Task prompt> All of the data is to be written out again exactly, without the pictures.

━━ Data supplied

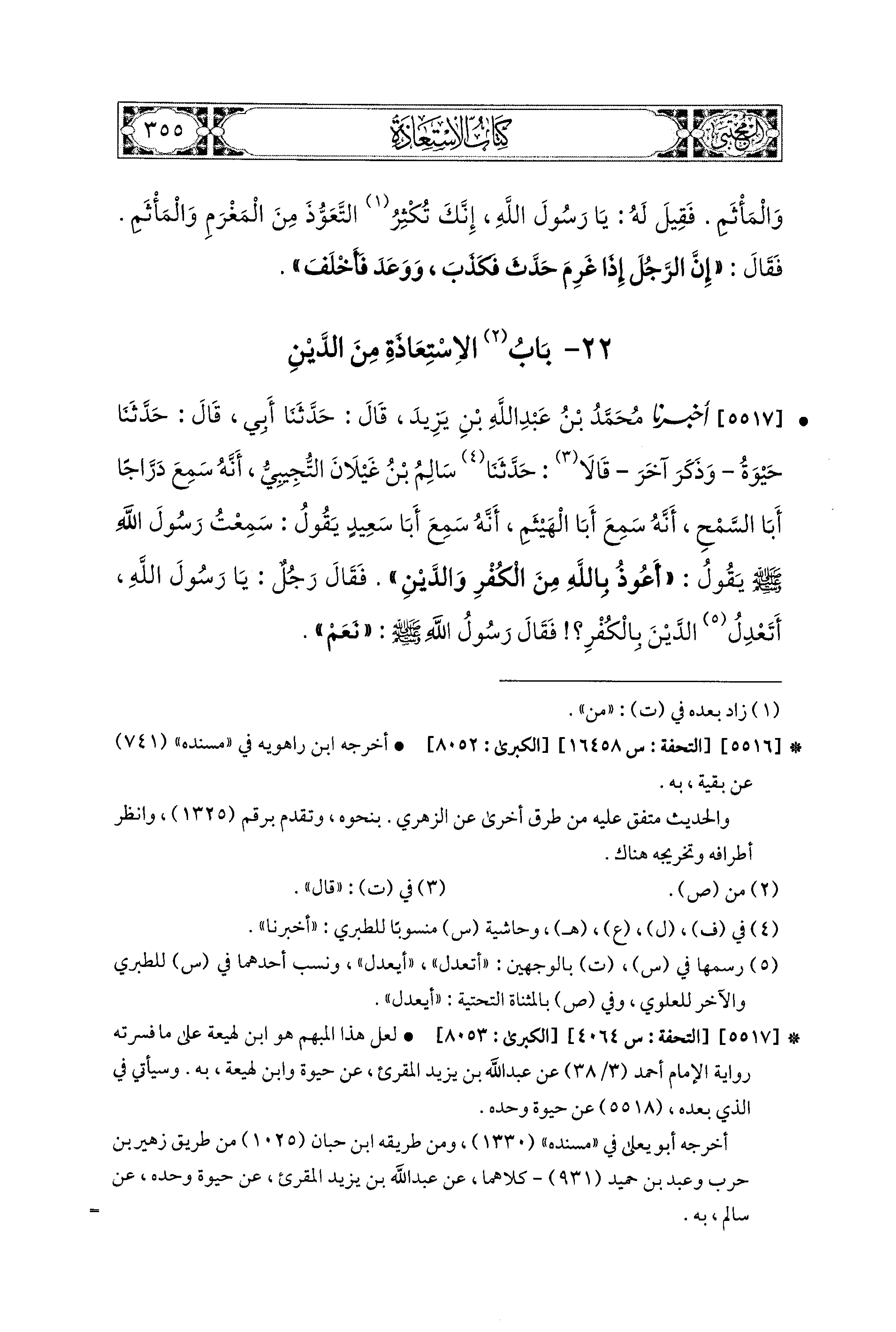 5517- أَخبَرَنا مُحَمد بنُ عَبدِ اللهِ بْنِ يَزِيدَ، قال: حَدَّثنا أَبي، قال: حَدَّثنا حَيْوَةُ، وَذَكَرَ آخَرَ، قالا: حَدَّثنا سَالِمُ بنُ غَيْلاَنَ التُّجِيبِيُّ، أَنَّهُ سَمِعَ دَرَّاجًا أَبَا السَّمْحِ، أَنَّهُ سَمِعَ أَبَا الهَيْثَمِ، أَنَّهُ سَمِعَ أَبَا سَعيدٍ يَقُولُ: سَمِعْتُ رَسُولَ اللهِ صَلى الله عَليه وسَلم يَقُولُ: أَعُوذُ بِاللَّهِ مِنَ الكُفْرِ، وَالدَّيْنِ، فَقَالَ رَجُلٌ: يَا رَسُولَ اللهِ، أَتَعْدِلُ الدَّيْنَ بِالكُفْرِ؟ فَقَالَ رَسُولُ اللهِ صَلى الله عَليه وسَلم: نَعَمْ.
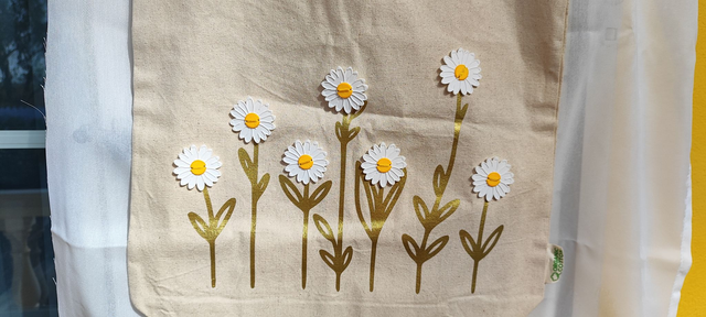 Tote Bag en algodón orgánico con diseño de margaritas en vinilo dorado y flores 3D. Su tono crema suave y asas largas de 70 cm ofrecen estilo y comodidad. Ideal para mujeres conscientes que valoran la belleza natural y la sostenibilidad. Refleja autenticidad, suavidad y empoderamiento femenino.
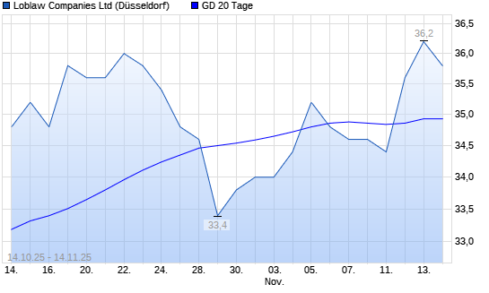 Mit dem Anstieg auf 36,00 EUR hat die Loblaw Companies-Aktie am 13.11.2025 die 20-Tage-Linie nach oben gekreuzt.
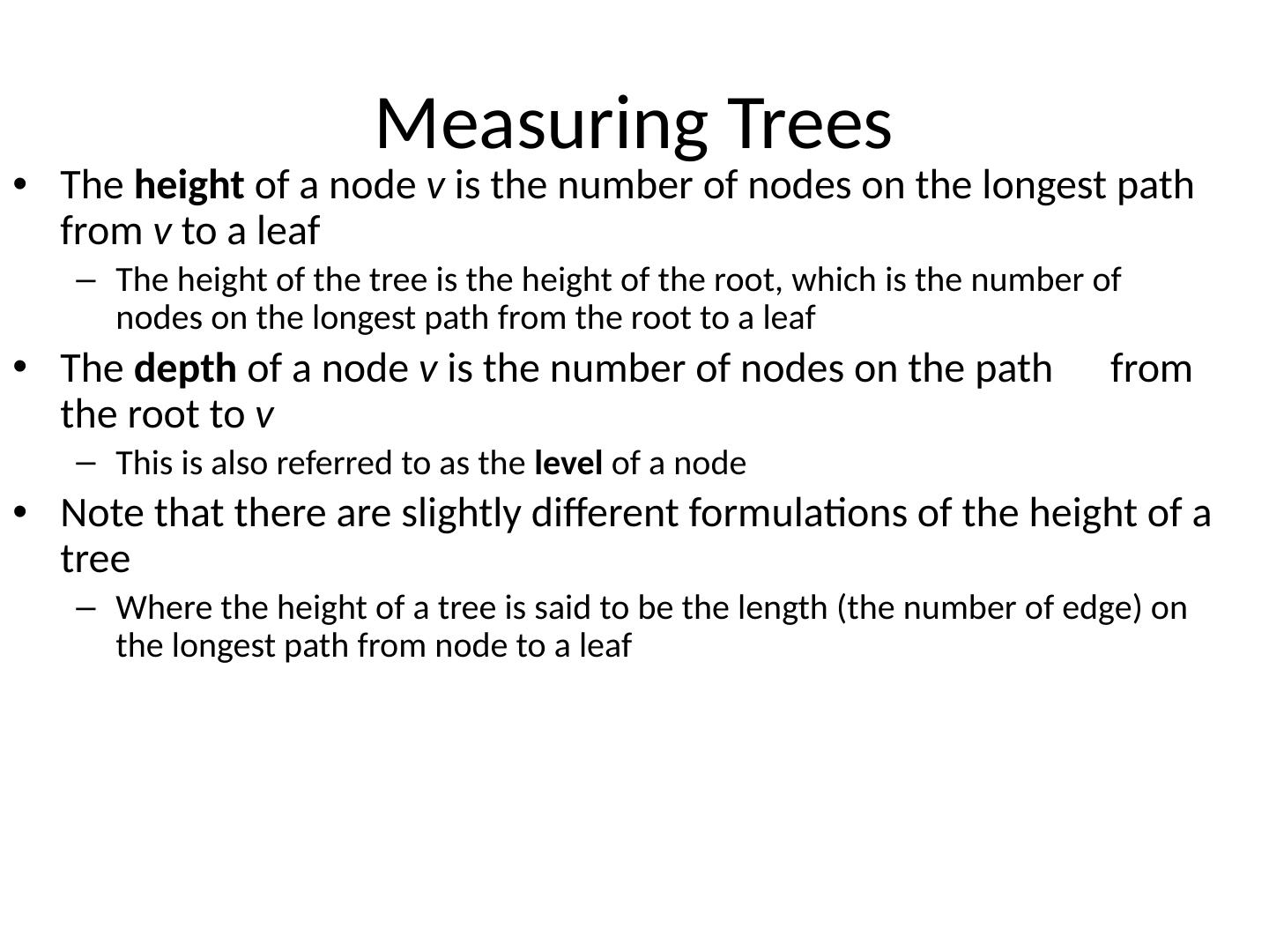 6 .Measuring Trees The height of a node v is the number of nodes on the longest path from v to a leaf The height of the tree is the height of the root, which is the number of nodes on the longest path from the root to a leaf The depth of a node v is the number of nodes on the path from the root to v This is also referred to as the level of a node Note that there are slightly different formulations of the height of a tree Where the height of a tree is said to be the length (the number of edge) on the longest path from node to a leaf
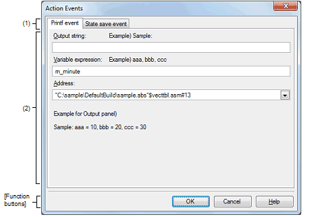 This dialog box is used to configure action events (see "2.16 Set an Action into Programs").
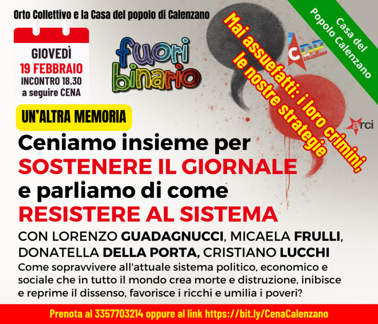 19 febbraio, a cena per Fuori Binario e incontro su “Un’altra memoria” con Orto Collettivo e CdP Calenzano
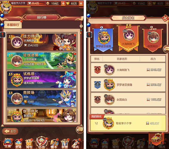 3、5种排行榜分别跟据玩家的总战力、征战进度、通关楼层、竞技场积分和联盟等级进行排名。
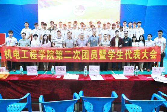 2017年10月14日下午14:30,机电工程学院第二届团员代表大会暨学生代表大会在花都校区文体中心胜利召开。学生工作处杨志伟处长、校团委余国兴书记、学生工作处肖星副处长、钟海生副处长、信息学院党总支江能兴书记、机电工程学院党总支邓海荣书记、学生工作处饶锦老师、聂文峰老师、海事学院分团委书记叶培发等领导和老师出席了本次大会。参加会议的有来自24个班级、5个专业代表团的156名团员代表和学生代表。
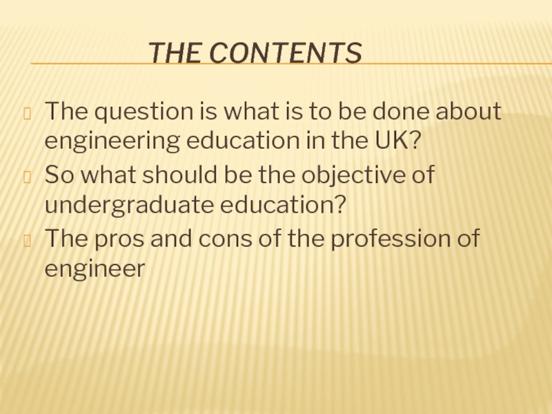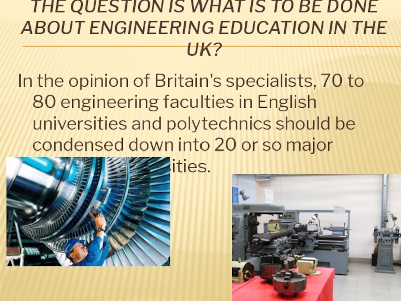In the opinion of Britain's specialists, 70 to 80 engineering faculties in English universities and polytechnics should be condensed down into 20 or so major technical universities.

━━━━

Written solution>
 5517- أَخبَرَنا مُحَمد بنُ عَبدِ اللهِ بْنِ يَزِيدَ، قال: حَدَّثنا أَبي، قال: حَدَّثنا حَيْوَةُ، وَذَكَرَ آخَرَ، قالا: حَدَّثنا سَالِمُ بنُ غَيْلاَنَ التُّجِيبِيُّ، أَنَّهُ سَمِعَ دَرَّاجًا أَبَا السَّمْحِ، أَنَّهُ سَمِعَ أَبَا الهَيْثَمِ، أَنَّهُ سَمِعَ أَبَا سَعيدٍ يَقُولُ: سَمِعْتُ رَسُولَ اللهِ صَلى الله عَليه وسَلم يَقُولُ: أَعُوذُ بِاللَّهِ مِنَ الكُفْرِ، وَالدَّيْنِ، فَقَالَ رَجُلٌ: يَا رَسُولَ اللهِ، أَتَعْدِلُ الدَّيْنَ بِالكُفْرِ؟ فَقَالَ رَسُولُ اللهِ صَلى الله عَليه وسَلم: نَعَمْ.
 Tote Bag en algodón orgánico con diseño de margaritas en vinilo dorado y flores 3D. Su tono crema suave y asas largas de 70 cm ofrecen estilo y comodidad. Ideal para mujeres conscientes que valoran la belleza natural y la sostenibilidad. Refleja autenticidad, suavidad y empoderamiento femenino.
 Mit dem Anstieg auf 36,00 EUR hat die Loblaw Companies-Aktie am 13.11.2025 die 20-Tage-Linie nach oben gekreuzt.
 6 .Measuring Trees The height of a node v is the number of nodes on the longest path from v to a leaf The height of the tree is the height of the root, which is the number of nodes on the longest path from the root to a leaf The depth of a node v is the number of nodes on the path from the root to v This is also referred to as the level of a node Note that there are slightly different formulations of the height of a tree Where the height of a tree is said to be the length (the number of edge) on the longest path from node to a leaf
 This dialog box is used to configure action events (see "2.16 Set an Action into Programs").
 19 febbraio, a cena per Fuori Binario e incontro su “Un’altra memoria” con Orto Collettivo e CdP Calenzano
 3、5种排行榜分别跟据玩家的总战力、征战进度、通关楼层、竞技场积分和联盟等级进行排名。
 2017年10月14日下午14:30,机电工程学院第二届团员代表大会暨学生代表大会在花都校区文体中心胜利召开。学生工作处杨志伟处长、校团委余国兴书记、学生工作处肖星副处长、钟海生副处长、信息学院党总支江能兴书记、机电工程学院党总支邓海荣书记、学生工作处饶锦老师、聂文峰老师、海事学院分团委书记叶培发等领导和老师出席了本次大会。参加会议的有来自24个班级、5个专业代表团的156名团员代表和学生代表。
In the opinion of Britain's specialists, 70 to 80 engineering faculties in English universities and polytechnics should be condensed down into 20 or so major technical universities.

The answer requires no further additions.